Treatment for dry eyes depends on the severity of dryness, but may include:
- Artificial tears: Many people with mild cases of dry eyes may find over-the-counter artificial tears helpful. People may find preservative-free tears cause less irritation.
- Blocking tear ducts: Blocking the tear ducts with tiny plugs helps to prevent tears draining out of the eyes as quickly. In some cases, people may require permanent blocking through a surgical procedure.
- Omega-3 fatty acid supplement: Taking an omega-3 fatty acid supplement may help to decrease symptoms of dry eye.
- Prescription eye drops: These can help to increase the production of tears.
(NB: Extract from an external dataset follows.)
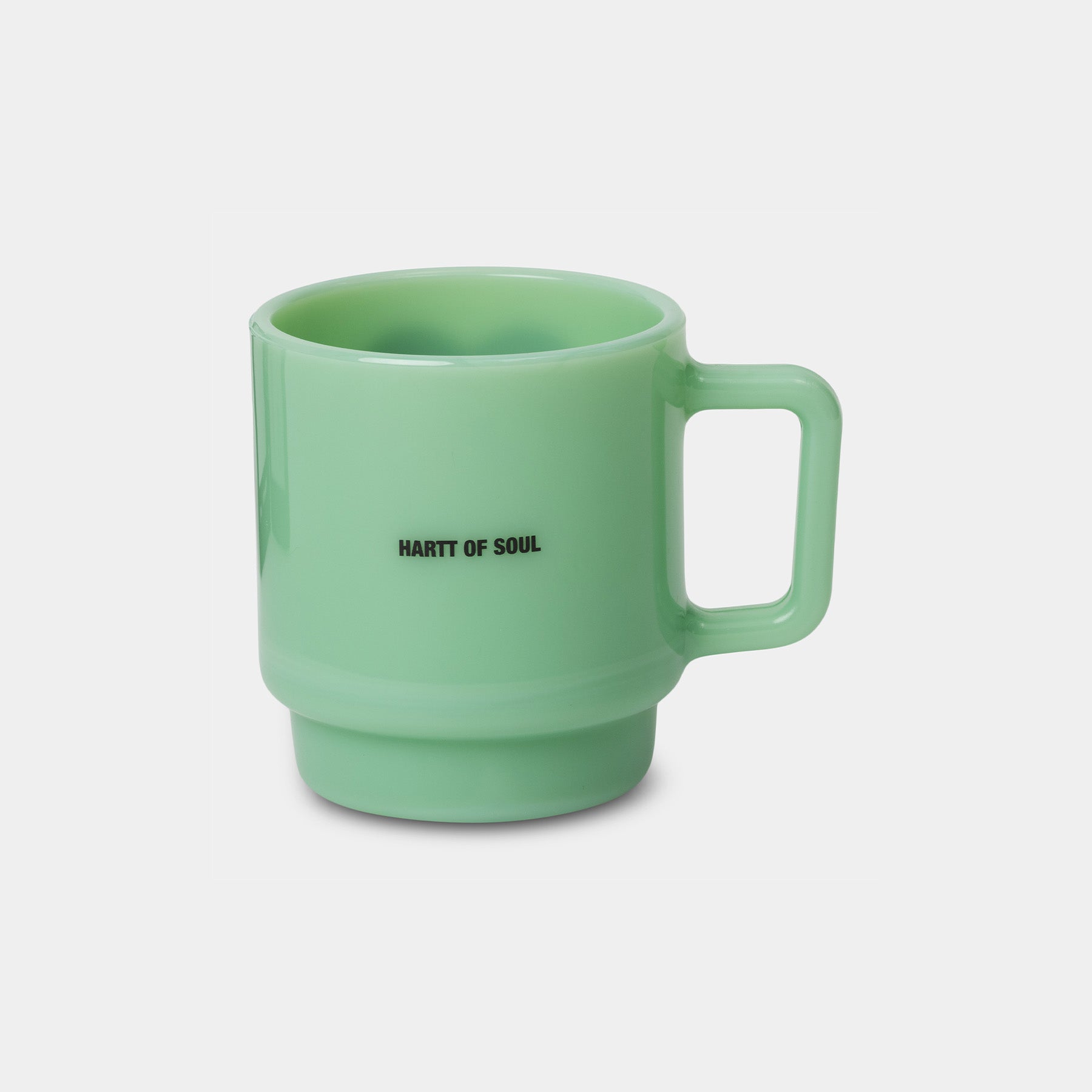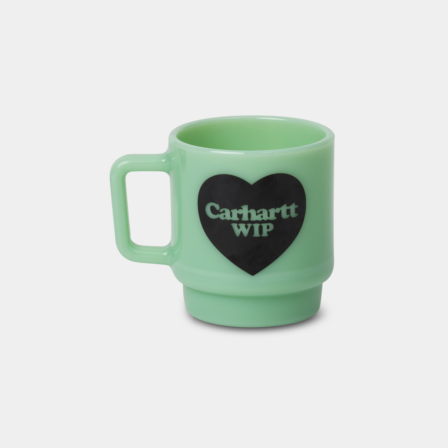 The Heart Glass Mug is a stackable design made from glass. Graphic prints appear on the sides.

- Treating inflammation: Eye drops, warm compresses, eyelid massages, or regular cleansing of the eyelids may all help to reduce inflammation in or around the eye.
- Thermal pulsation and intense pulsed light: These relatively new in-office procedures target problems in the meibomian glands, which can cause dry eye.
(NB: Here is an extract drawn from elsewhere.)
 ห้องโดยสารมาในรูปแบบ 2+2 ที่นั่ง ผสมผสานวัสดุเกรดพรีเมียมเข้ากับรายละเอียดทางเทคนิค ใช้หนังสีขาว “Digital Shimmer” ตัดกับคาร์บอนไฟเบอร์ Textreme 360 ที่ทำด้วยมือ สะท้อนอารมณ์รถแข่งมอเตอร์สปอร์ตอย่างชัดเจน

If people develop floaters as they age, they do not require any treatment unless the floaters are interfering with everyday life or affecting their vision.
If people do want treatment for floaters, vitrectomy is a surgical procedure that removes floaters. During a vitrectomy, a doctor will make a tiny opening in the wall of the eye to remove a large amount of the vitreous using a suction tool.
People can speak with an eye doctor about the benefits and risks of having a vitrectomy to treat floaters.
If an underlying condition is causing floaters, treating the condition may resolve them.
Floaters are usually harmless, but people should talk with an eye doctor about any new floaters or changes to existing floaters.
If people have the following symptoms, they will need to seek medical attention straight away:
- sudden appearance of new floaters
- flashes of light in one or both eyes
- blurred areas or a dark shadow across the sides or center of a person’s vision, almost like a curtain
These could be signs of retinal detachment, and people will need immediate treatment.
A person should contact an eye doctor if they begin to experience dry eyes. If it is severe, it can cause damage to the cornea.
Dry eyes and floaters are both usually harmless eye conditions. Some people may experience both together.
Dry eyes can happen due to poor quality of tears or a lack of tear production. People may be able to treat mild cases of dry eyes with over-the-counter artificial tears.
For more severe cases, people may need prescription eye drops or to block the tear ducts. In-office procedures such as thermal pulsation or intense pulsed light can help unblock the meibomian glands.
Floaters can happen as people age and the eye changes. Floaters are dark shapes that shift across a person’s vision. They do not usually need treatment, but if they are affecting everyday life, people may want surgery to remove them.
If an underlying condition is causing dry eyes or floaters, treating the condition may help resolve eye symptoms.
If people have any new floaters, they will need to speak with an eye doctor. If people have any sudden changes, flashes of light, or dark shadows over their eyes, they will need to seek immediate medical help.